The other downside, for the product teams, is that unless these devices connect to the internet, they can’t phone home, and the company never knows what’s going on. It could be that 90% of products have an undiagnosed fault. Or perhaps 90% of users are happy with a dumb litter box. Or maybe 90% of users just couldn’t figure out the steps of connecting it in the first place. Kraftful is rushing to the rescue to try to answer some of those questions.
“Hardware companies don’t have time to learn data science jargon to navigate all Mixpanel features, figure out which of all metrics matter for IoT products, and then configure charts, funnels and rube goldberg machines,” jokes Krafful in its press release, but it touches on a rather crucial flaw of the whole smart home ecosystem.
The company is currently in beta with a handful of IoT companies, including a delightfully ironic trio: Fireplace company Napoleon, which makes the air worse, air purification company Aura Air, which makes the air better, and Awair indoor air quality monitoring, which plays the role of the independent adjudicator of the Battle of the Air Purifiers and De-purifiers.

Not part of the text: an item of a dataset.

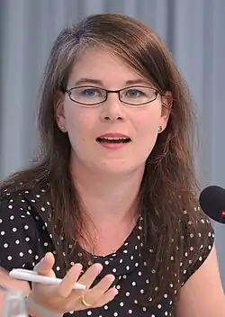 In 2009, Baerbock unsuccessfully ran for a place on her party's electoral list for the federal elections. In 2013, she was the Green Party candidate in the constituency of Potsdam – Potsdam-Mittelmark II – Teltow-Fläming II and also secured the leading spot on the party's electoral list for the State of Brandenburg.[20] Through the electoral list, she became a member of the Bundestag.[19]
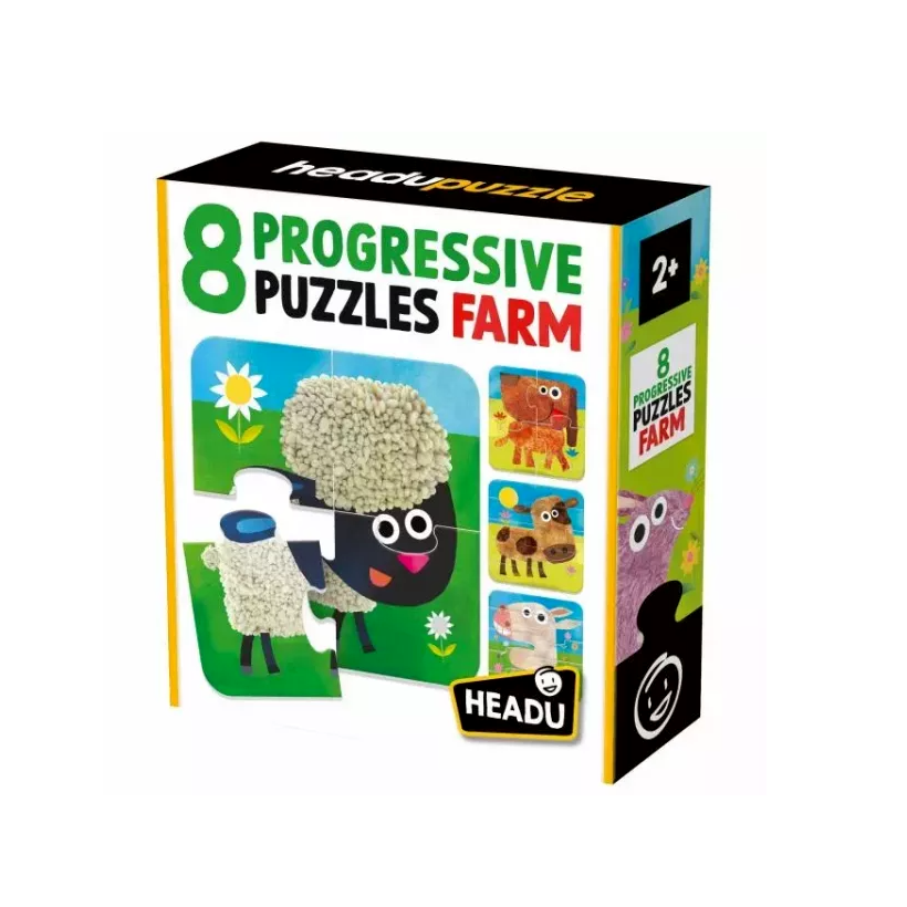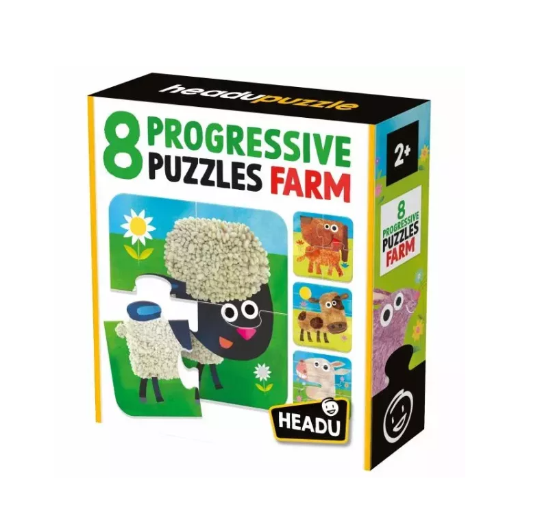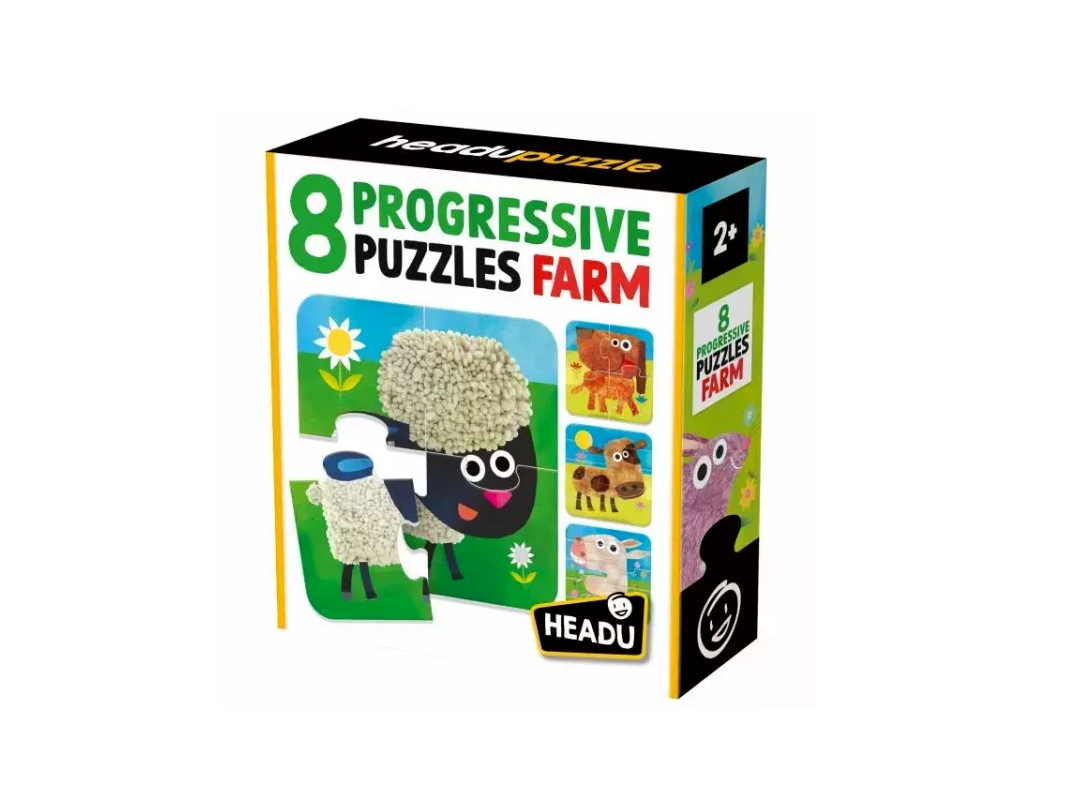 • Tartalom: 8 db különálló, progresszív kirakó farmállatokkal

At its core, Kraftful Analytics makes it easier, then to track IoT-specific metrics, like how users connect a device, their user journey, and to determine the appropriate session duration and stickiness for a product using industry benchmarks. The company points out that for IoT, metrics are different; if you spend two hours per day on TikTok, that may be a win for the social media company, but if you spend two hours per day trying to figure out how to turn your lights on and off… not so much.
The company initially targets companies that are trying to move fast; not a bad idea – you wouldn’t roll your own analytics package for a web or mobile app, and it would be mismanagement of resources to build an IoT analytics solution if that isn’t your core business. I’d be hard-pressed to think of a hardware development team that isn’t strapped for hours and manpower, and Kraftful’s solution makes a lot of sense.
The company charges its customers as a SaaS solution, scaling by the number of events.
“We have an SDK for iOS and Android, along with a React native solution. We also recently got our first Xamarin customer, so we are expanding into more exotic types of integration mechanisms as well, ”says Welinder. “We have a SaaS solution and we charge on a per-event basis, so it really comes down to how many screens and how many users you have.”
The company recently raised a $ 2 million seed round from Samsung NEXT, Precursor Ventures, Leadout Capital and various angels. Over the past year, the fully remote team grew from two to six. The company is launching its analytics product today, and is hoping to find a flurry of new customers in the hardware space to start collecting feedback.